In this screen you have the main parts of code you need to login and create the query that defines the subset of data that will be synchronized in MongoDB.
- The first part is the Authorization (methods related with the App class) to login.
- The second part you need is to define the set of classes that are part of the schema in the App in App Services
- Then, define the query to create the subset. These queries can only use queryable fields (i.e.: fields you have defined in the App in App Services in the Sync section).
This screen shows the piece of code that you need to query the data locally (that will be synchronized in real time in a background thread for you).
To create the query you use realm.query and the query you want to perform. This will create a pointer to your data but the query won't be executed until you start fetching data, and only the fields you use are the fields that will be loaded into memory.
The collect method is used to subscribe to changes in the data. For every change in your data, depending on the type of change, a piece of code can be executed to refresh your list. Doing this, you can only refresh the UI when a change has been detected.

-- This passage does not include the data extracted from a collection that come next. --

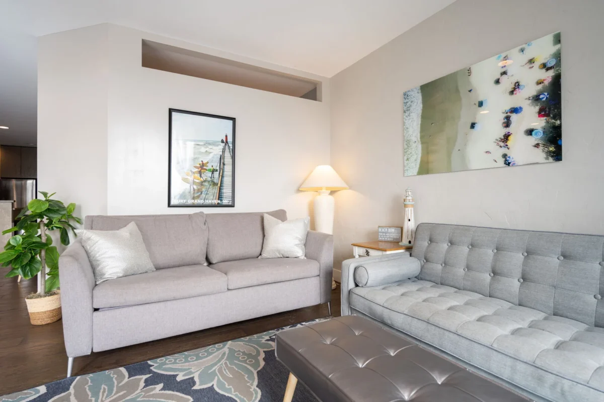 You will love this spacious downtown condo that is right across the famous Grand Haven Musical Fountain and boardwalk.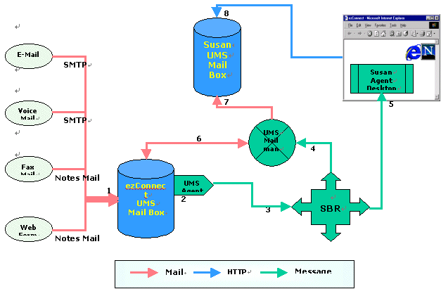 各類(lèi)外部語(yǔ)音、郵件、WEB、傳真等信息進(jìn)入呼叫中心會(huì)以相應(yīng)的格式直接被放入ezConnect統(tǒng)一郵件服務(wù)器(1),消息經(jīng)過(guò)UMS Agent 模塊被提取出信息主題和關(guān)鍵字(2),這些主題和關(guān)鍵字被送入基于技能的路由選擇模塊SBR(3),由SBR進(jìn)行分析,選擇出最合適服務(wù)的座席(例如是Susan);之后SBR通知郵件轉(zhuǎn)發(fā)器(4)去ezConnect統(tǒng)一郵件服務(wù)器中取相應(yīng)的郵件(6),將郵件放入最佳座席(Susan)的UMS信箱中(7)(8),與此同時(shí)座席Susan的界面上顯示出她有一封新的郵件(5)。至此,完成了座席Susan 接收UMS信件的全過(guò)程。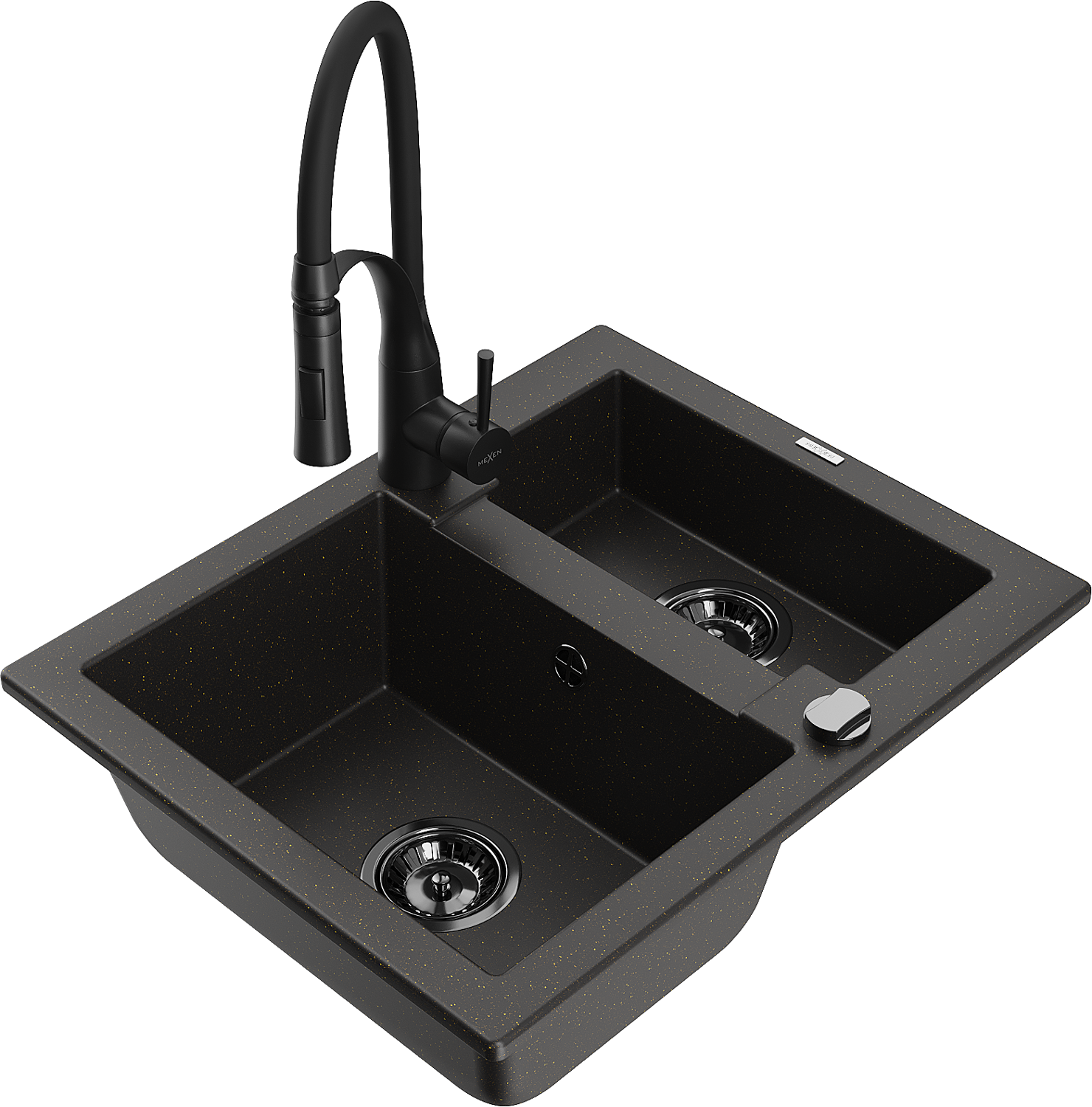 Mexen Carlos гранитна мивка 1,5-камерна с кухненски смесител Aster, черен/златист металик - 6518-75-73450-70-B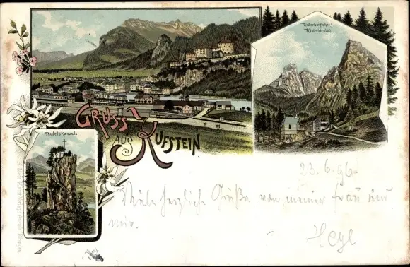Litho Kufstein in Tirol, Teufelskanzel, Unterkunftshaus, Totalansicht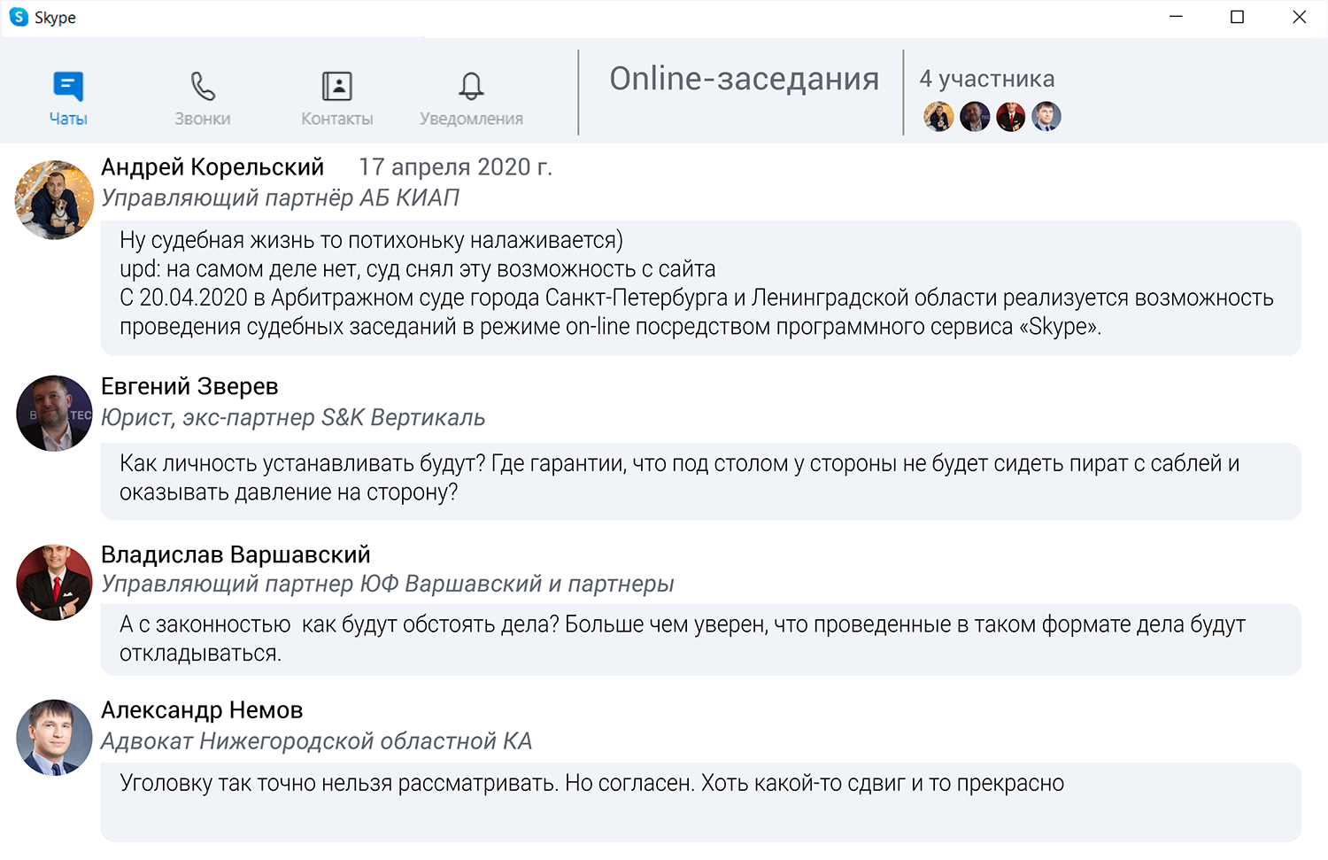 О переходе на онлайн-заседания уже 21 апреля сообщил Верховный суд. В тот же день он рассмотрел первое «виртуальное» дело о признании членом семьи военнослужащего. А через неделю возможность рассматривать споры онлайн появилась в картотеке арбитражных дел. Первым к специальной системе подключился АС Ямало-Ненецкого автономного округа. 28 апреля он с помощью КАД рассмотрел дело о привлечении арбитражного управляющего к административной ответственности. Уже на следующий день президиумы Верховного суда и Совета судей рекомендовали судам до 11 мая перейти на «виртуальные» заседания.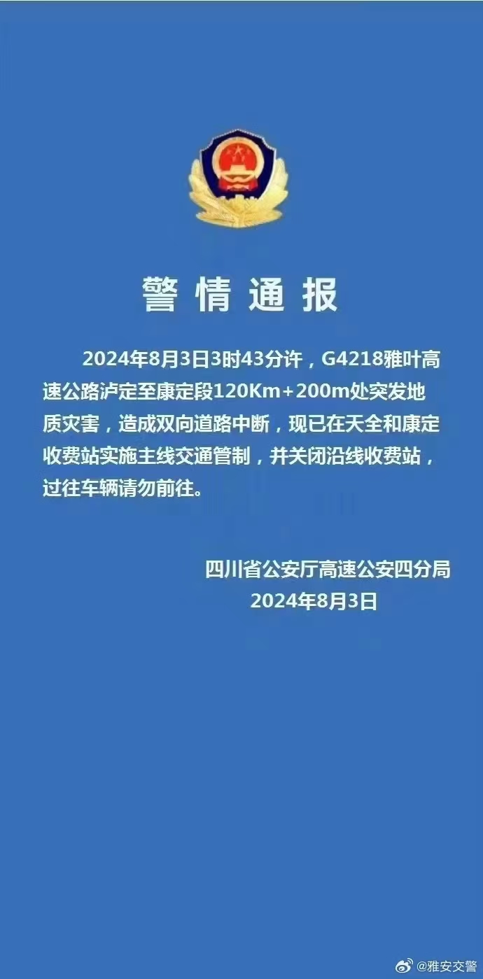四川发布客户端消息 今日,从四川高速交警四支队官微获悉,8月3日凌晨,G4218雅叶高速公路泸定至康定段120Km+200m处突发地质灾害,造成双向道路中断,现已在天全和康定收费站实施主线交通管制,并关闭沿线收费站。过往车辆请勿前往。

Once you create the app in App Services, you can generate a schema out of your data.
Below is the schema you can use that matches the data layer in the Android app:
{
"properties": {
"_id": {
"bsonType": "objectId"
},
"accountsList": {
"bsonType": "array",
"items": {
"bsonType": "object",
"properties": {
"accountIdBba": {
"bsonType": "string"
},
"accountTypeBba": {
"bsonType": "string"
},
"agentAccount": {
"bsonType": "string"
},
"balanceAllowed": {
"bsonType": "bool"
},
"currencyCode": {
"bsonType": "string"
},
"internationalPaymentsAllowed": {
"bsonType": "bool"
},
"status": {
"bsonType": "string"
},
"transactionsAllowed": {
"bsonType": "bool"
}
},
"title": "Accounts"
}
},
"addressList": {
"bsonType": "array",
"items": {
"bsonType": "object",
"properties": {
"addressType": {
"bsonType": "string"
},
"country": {
"bsonType": "string"
},
"postCodeId": {
"bsonType": "string"
},
"province": {
"bsonType": "string"
},
"regionId": {
"bsonType": "string"
},
"state": {
"bsonType": "string"
},
"streetBuildingId": {
"bsonType": "string"
},
"streetName": {
"bsonType": "string"
},
"townName": {
"bsonType": "string"
}
},
"title": "Addresses"
}
},
"agent": {
"bsonType": "string"
},
"cmc": {
"bsonType": "string"
},
"companyAdditionalDetail": {
"bsonType": "double"
},
"companyEndDate": {
"bsonType": "date"
},
"companyId": {
"bsonType": "string"
},
"companyName": {
"bsonType": "string"
},
"companyStartDate": {
"bsonType": "date"
},
"contactDataMOBI": {
"bsonType": "string"
},
"contactDataMail": {
"bsonType": "string"
},
"contactList": {
"bsonType": "array",
"items": {
"bsonType": "object",
"properties": {
"contactData": {
"bsonType": "string"
},
"contactType": {
"bsonType": "string"
}
},
"title": "Contacts"
}
},
"country": {
"bsonType": "string"
},
"countryDocument": {
"bsonType": "string"
},
"countryIncorporation": {
"bsonType": "string"
},
"documentList": {
"bsonType": "array",
"items": {
"bsonType": "object",
"properties": {
"documentNumber": {
"bsonType": "string"
},
"documentType": {
"bsonType": "string"
}
},
"title": "Documents"
}
},
"documentNumber": {
"bsonType": "string"
},
"documentType": {
"bsonType": "string"
},
"duration_days": {
"bsonType": "long"
},
"entity": {
"bsonType": "string"
},
"firstName": {
"bsonType": "string"
},
"internalRepresentUser": {
"bsonType": "string"
},
"lastName": {
"bsonType": "string"
},
"relationshipType": {
"bsonType": "string"
},
"segmentLocal": {
"bsonType": "string"
},
"segmentTypeGlobal": {
"bsonType": "string"
},
"segmentTypeLocal": {
"bsonType": "string"
},
"tradeName": {
"bsonType": "string"
},
"typeDisposition": {
"bsonType": "string"
}
},
"title": "Customer"
}
Remember to enable the Email / Password authentication and create a user.
Last step is to enable Sync. Here you have the configuration to use. You can see there the queryable fields that we are using in the Android app and the permissions we are defining on the data to secure it.